I started enjoying it a lot more when I relaxed my expectations and just followed Theo’s lead on everything. I gave him everything he needed from me and just trusted my own instincts.
What were your must-have items, and what others were a waste of time/overrated?
Must haves were
- A good stretchy wrap carrier – I had the Boba Serenity Wrap
- Haakaa pump or something similar for unclogging blocked ducts
- Nice, soft and absorbent breast pads – I’m still using the Confitex breast pads
- Nipple creams and hydrogel breast pads
- A good merino blanket
I personally did not buy a lot of items that I thought were a waste – Theo didn’t like to be swaddled so I didn’t use the swaddles as much.
Is your parenting different to how you thought it would be?
I feel like my parenting is how I thought it would be now that I have gotten a bit better at everything. Initially I was a lot more intense than I thought I would be. I am a lot more relaxed now.
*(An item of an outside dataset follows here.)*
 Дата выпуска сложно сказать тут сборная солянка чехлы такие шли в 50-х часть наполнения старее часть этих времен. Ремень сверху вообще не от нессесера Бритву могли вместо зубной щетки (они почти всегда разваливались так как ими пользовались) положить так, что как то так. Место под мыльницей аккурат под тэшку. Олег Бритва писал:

How does your typical day look?
I am still a stay at home mum at the moment, and will return to work fulltime in a few months. We have been staying at home a lot more than I would like due to the pandemic initially and now the weather. I do try to take Theo out for a walk on sunny days and sometimes to free baby activities when we both feel up for it.
How has having children affected your relationship?
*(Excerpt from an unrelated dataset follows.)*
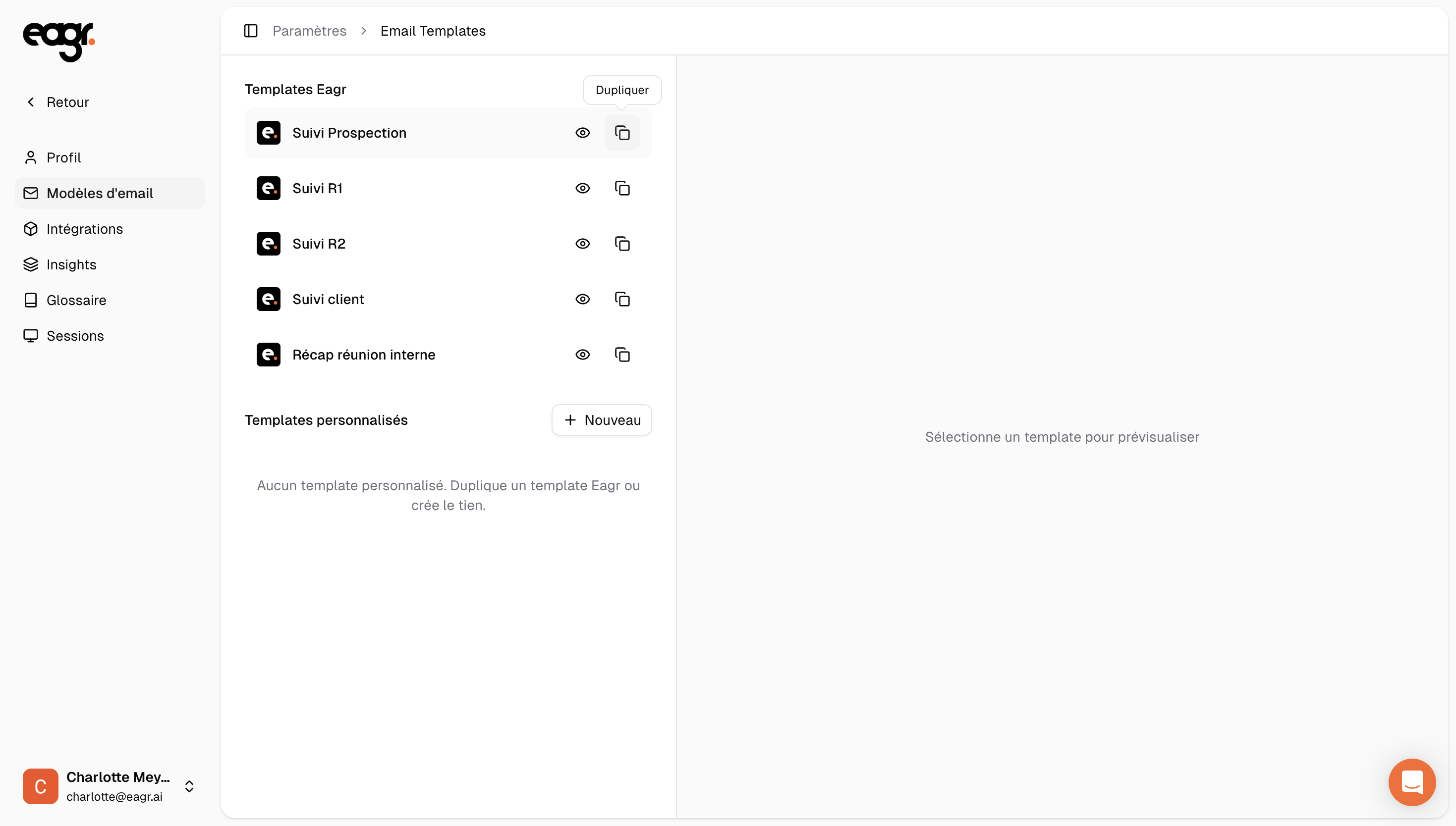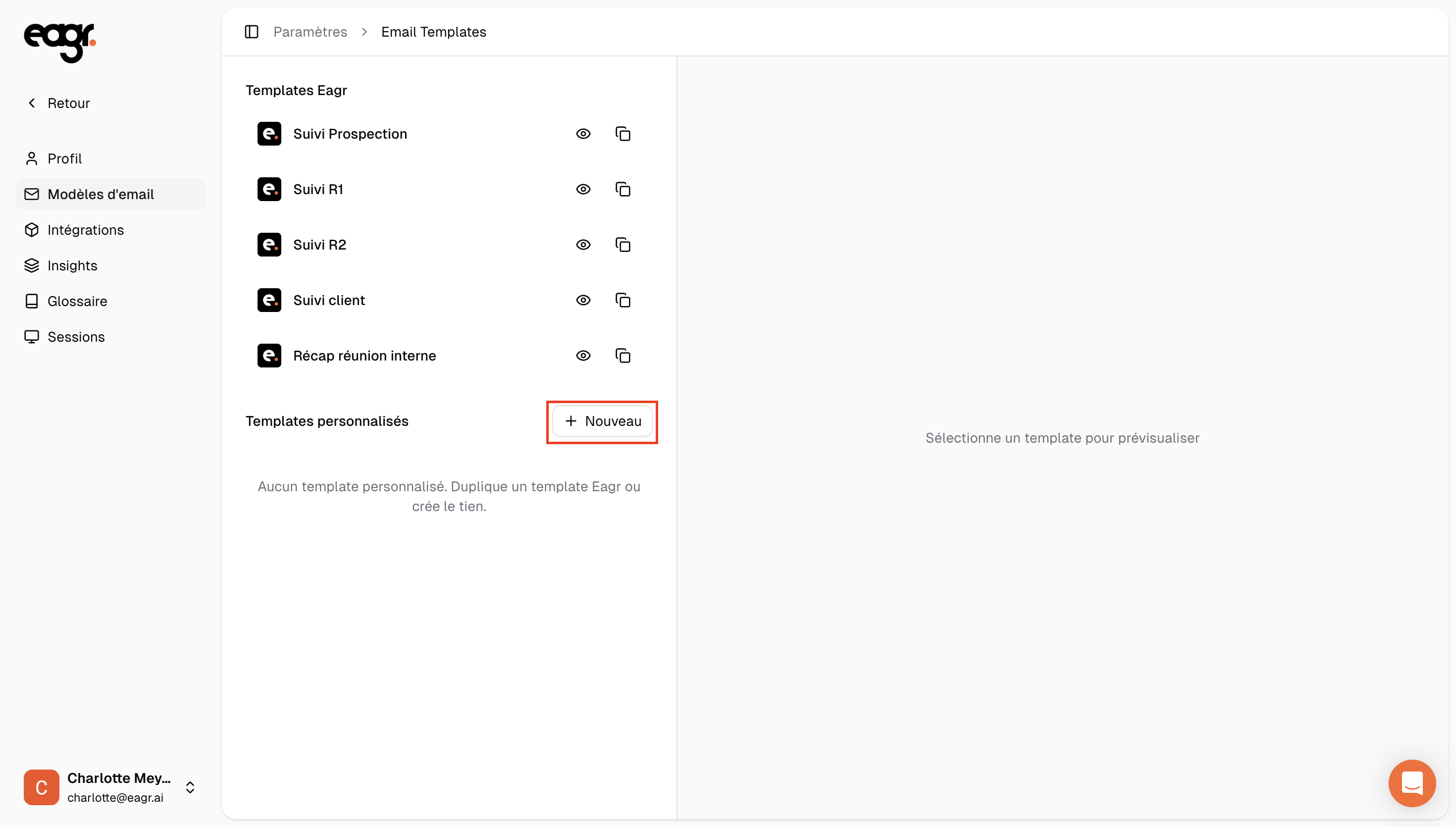 C'est ici que vivent tes modèles personnalisés. Clique sur Nouveau pour en créer un de zéro, ou duplique un modèle Eagr pour partir d'une base existante.

It was quite hard initially for me to find time for my husband during the early few weeks because I was so exhausted and drained all of the time. I’m very lucky that he is a hands-on dad and will help out whenever I’m stressed out and need a break. I love how happy Theo is when his dad plays with him, he gets the best giggles.
Tips & advice
What would your top parenting tips be for a new parent?
- Trust your instincts
- Don’t be afraid to ask for help
- Talk about your feelings
- Find time to look after yourself as well
- It’s true when they say it gets better!